Your assignment -> In the material below, the required lines run from the one containing "Глубокий v-образный вырез" through the one containing "Mit dem Rücksetzer". Copy those lines exactly, ends included, and nothing else.

Excerpted data ->

────

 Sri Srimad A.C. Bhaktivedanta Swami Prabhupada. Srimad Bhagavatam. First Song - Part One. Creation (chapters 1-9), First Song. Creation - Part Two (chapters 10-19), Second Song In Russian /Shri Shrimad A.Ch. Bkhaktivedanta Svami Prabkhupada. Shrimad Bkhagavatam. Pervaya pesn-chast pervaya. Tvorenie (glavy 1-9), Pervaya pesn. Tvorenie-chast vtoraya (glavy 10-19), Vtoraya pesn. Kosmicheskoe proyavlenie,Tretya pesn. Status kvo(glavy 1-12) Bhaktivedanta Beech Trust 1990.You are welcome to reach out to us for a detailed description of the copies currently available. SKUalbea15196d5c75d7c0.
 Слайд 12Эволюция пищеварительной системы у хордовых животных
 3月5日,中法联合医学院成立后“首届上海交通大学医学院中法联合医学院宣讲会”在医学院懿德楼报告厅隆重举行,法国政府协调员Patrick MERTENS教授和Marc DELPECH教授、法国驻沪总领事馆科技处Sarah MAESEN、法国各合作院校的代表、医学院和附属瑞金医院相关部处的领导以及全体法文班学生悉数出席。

────

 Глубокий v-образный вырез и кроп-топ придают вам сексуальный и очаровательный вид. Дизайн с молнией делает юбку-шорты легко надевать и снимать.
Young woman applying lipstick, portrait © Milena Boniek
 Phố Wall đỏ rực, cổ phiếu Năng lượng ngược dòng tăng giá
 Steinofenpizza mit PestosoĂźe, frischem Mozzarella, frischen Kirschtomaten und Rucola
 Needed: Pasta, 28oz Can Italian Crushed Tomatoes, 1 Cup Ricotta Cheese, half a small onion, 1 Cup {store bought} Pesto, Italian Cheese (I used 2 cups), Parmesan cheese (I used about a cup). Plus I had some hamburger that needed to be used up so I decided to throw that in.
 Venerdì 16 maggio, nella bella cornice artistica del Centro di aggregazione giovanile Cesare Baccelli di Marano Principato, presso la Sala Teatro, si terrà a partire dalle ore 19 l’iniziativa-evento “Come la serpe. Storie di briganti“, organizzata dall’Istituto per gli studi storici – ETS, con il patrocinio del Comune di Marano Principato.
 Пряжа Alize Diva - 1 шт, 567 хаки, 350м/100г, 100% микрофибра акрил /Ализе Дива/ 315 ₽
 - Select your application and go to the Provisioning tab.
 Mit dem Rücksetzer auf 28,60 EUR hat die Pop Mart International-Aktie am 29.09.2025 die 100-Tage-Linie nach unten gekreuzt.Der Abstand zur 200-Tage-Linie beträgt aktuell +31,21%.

────

Response area ->
 Глубокий v-образный вырез и кроп-топ придают вам сексуальный и очаровательный вид. Дизайн с молнией делает юбку-шорты легко надевать и снимать.
Young woman applying lipstick, portrait © Milena Boniek
 Phố Wall đỏ rực, cổ phiếu Năng lượng ngược dòng tăng giá
 Steinofenpizza mit PestosoĂźe, frischem Mozzarella, frischen Kirschtomaten und Rucola
 Needed: Pasta, 28oz Can Italian Crushed Tomatoes, 1 Cup Ricotta Cheese, half a small onion, 1 Cup {store bought} Pesto, Italian Cheese (I used 2 cups), Parmesan cheese (I used about a cup). Plus I had some hamburger that needed to be used up so I decided to throw that in.
 Venerdì 16 maggio, nella bella cornice artistica del Centro di aggregazione giovanile Cesare Baccelli di Marano Principato, presso la Sala Teatro, si terrà a partire dalle ore 19 l’iniziativa-evento “Come la serpe. Storie di briganti“, organizzata dall’Istituto per gli studi storici – ETS, con il patrocinio del Comune di Marano Principato.
 Пряжа Alize Diva - 1 шт, 567 хаки, 350м/100г, 100% микрофибра акрил /Ализе Дива/ 315 ₽
 - Select your application and go to the Provisioning tab.
 Mit dem Rücksetzer auf 28,60 EUR hat die Pop Mart International-Aktie am 29.09.2025 die 100-Tage-Linie nach unten gekreuzt.Der Abstand zur 200-Tage-Linie beträgt aktuell +31,21%.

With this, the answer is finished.